INSTRUCTIONS FOR THE TASK: Using the listing below, output only the lines from the one that contains "O Protetor de" through the one that contains "城市新闻7月23日洛杉矶报导", inclusive, exactly as given and without images.

ENTRIES SHOWN:
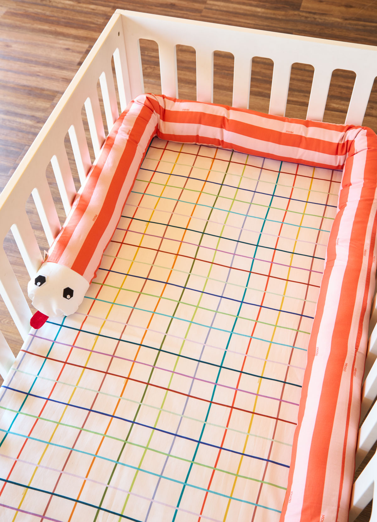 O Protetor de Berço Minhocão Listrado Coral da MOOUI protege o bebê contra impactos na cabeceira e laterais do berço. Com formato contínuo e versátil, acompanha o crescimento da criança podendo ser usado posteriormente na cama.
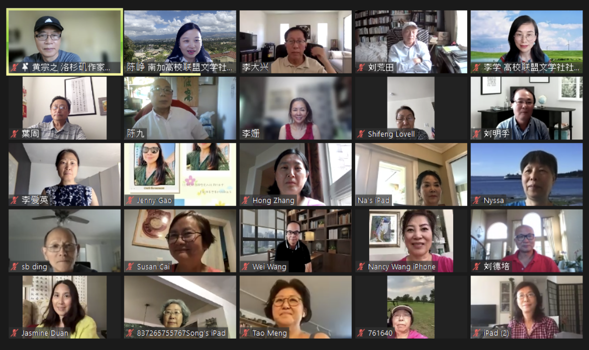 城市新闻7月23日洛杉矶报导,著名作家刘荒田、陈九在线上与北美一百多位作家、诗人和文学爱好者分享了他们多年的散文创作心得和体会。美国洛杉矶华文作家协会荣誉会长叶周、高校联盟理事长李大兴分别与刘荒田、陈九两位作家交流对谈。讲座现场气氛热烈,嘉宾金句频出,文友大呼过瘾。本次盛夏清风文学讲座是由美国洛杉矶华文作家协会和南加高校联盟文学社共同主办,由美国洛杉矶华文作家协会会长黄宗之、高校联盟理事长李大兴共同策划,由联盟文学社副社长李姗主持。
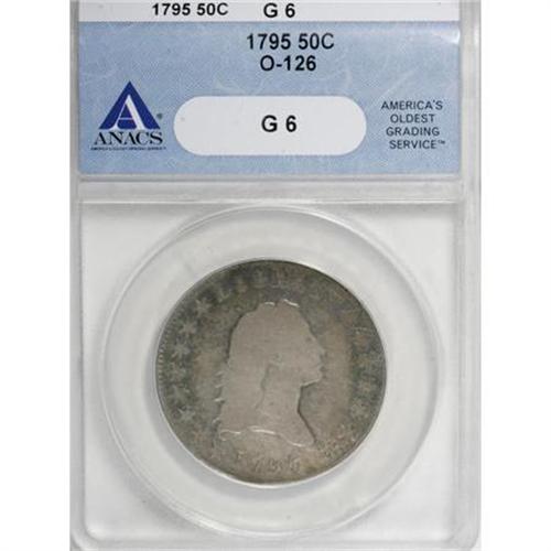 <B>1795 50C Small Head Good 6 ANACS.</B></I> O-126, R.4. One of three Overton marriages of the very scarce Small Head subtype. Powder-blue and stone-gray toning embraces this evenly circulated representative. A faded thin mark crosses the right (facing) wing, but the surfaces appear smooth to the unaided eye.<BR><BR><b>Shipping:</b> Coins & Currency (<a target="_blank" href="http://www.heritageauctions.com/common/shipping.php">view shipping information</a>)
...
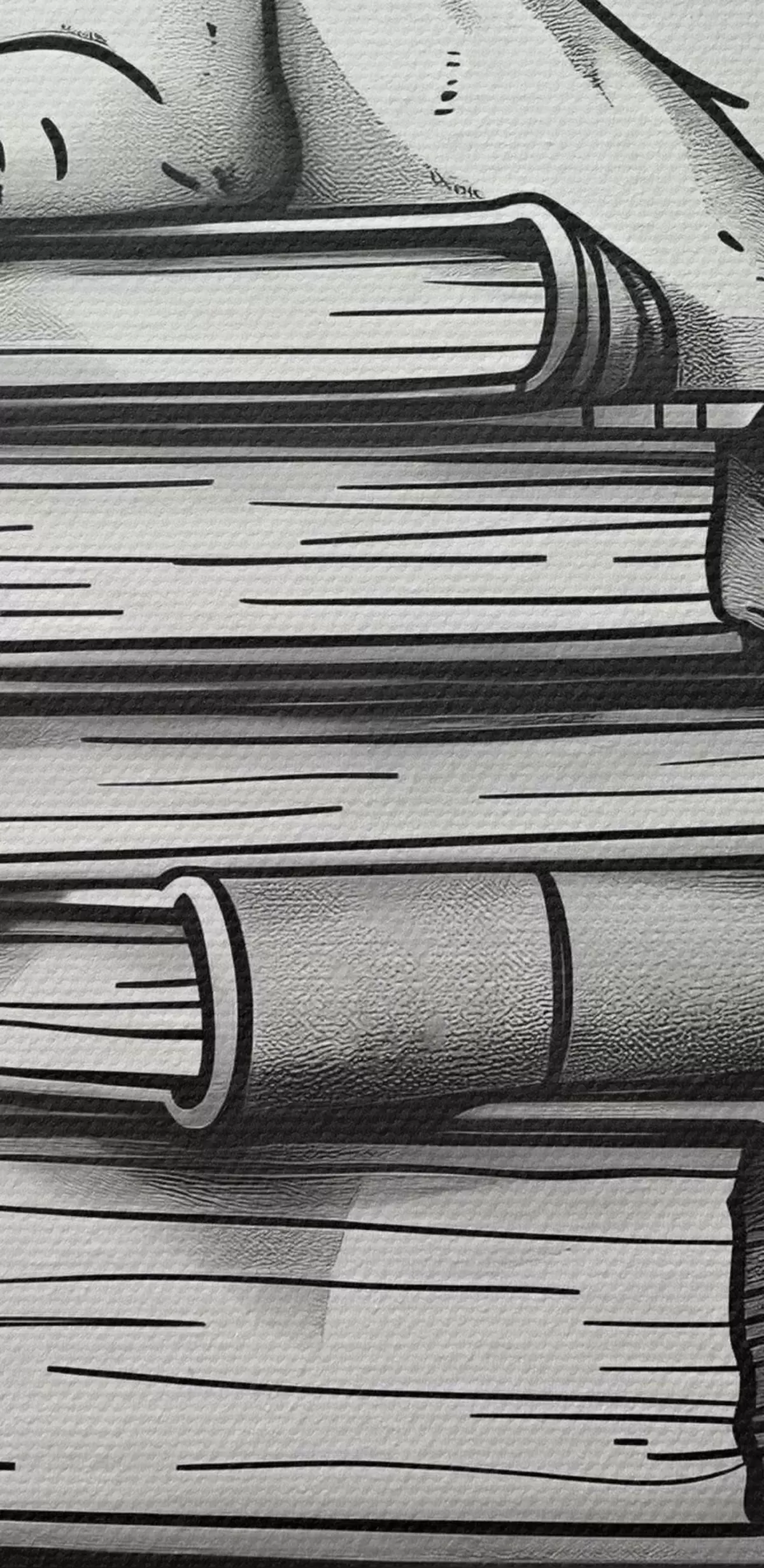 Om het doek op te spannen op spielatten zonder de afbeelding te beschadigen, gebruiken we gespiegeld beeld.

SOLVED PROBLEM:
 O Protetor de Berço Minhocão Listrado Coral da MOOUI protege o bebê contra impactos na cabeceira e laterais do berço. Com formato contínuo e versátil, acompanha o crescimento da criança podendo ser usado posteriormente na cama.
 城市新闻7月23日洛杉矶报导,著名作家刘荒田、陈九在线上与北美一百多位作家、诗人和文学爱好者分享了他们多年的散文创作心得和体会。美国洛杉矶华文作家协会荣誉会长叶周、高校联盟理事长李大兴分别与刘荒田、陈九两位作家交流对谈。讲座现场气氛热烈,嘉宾金句频出,文友大呼过瘾。本次盛夏清风文学讲座是由美国洛杉矶华文作家协会和南加高校联盟文学社共同主办,由美国洛杉矶华文作家协会会长黄宗之、高校联盟理事长李大兴共同策划,由联盟文学社副社长李姗主持。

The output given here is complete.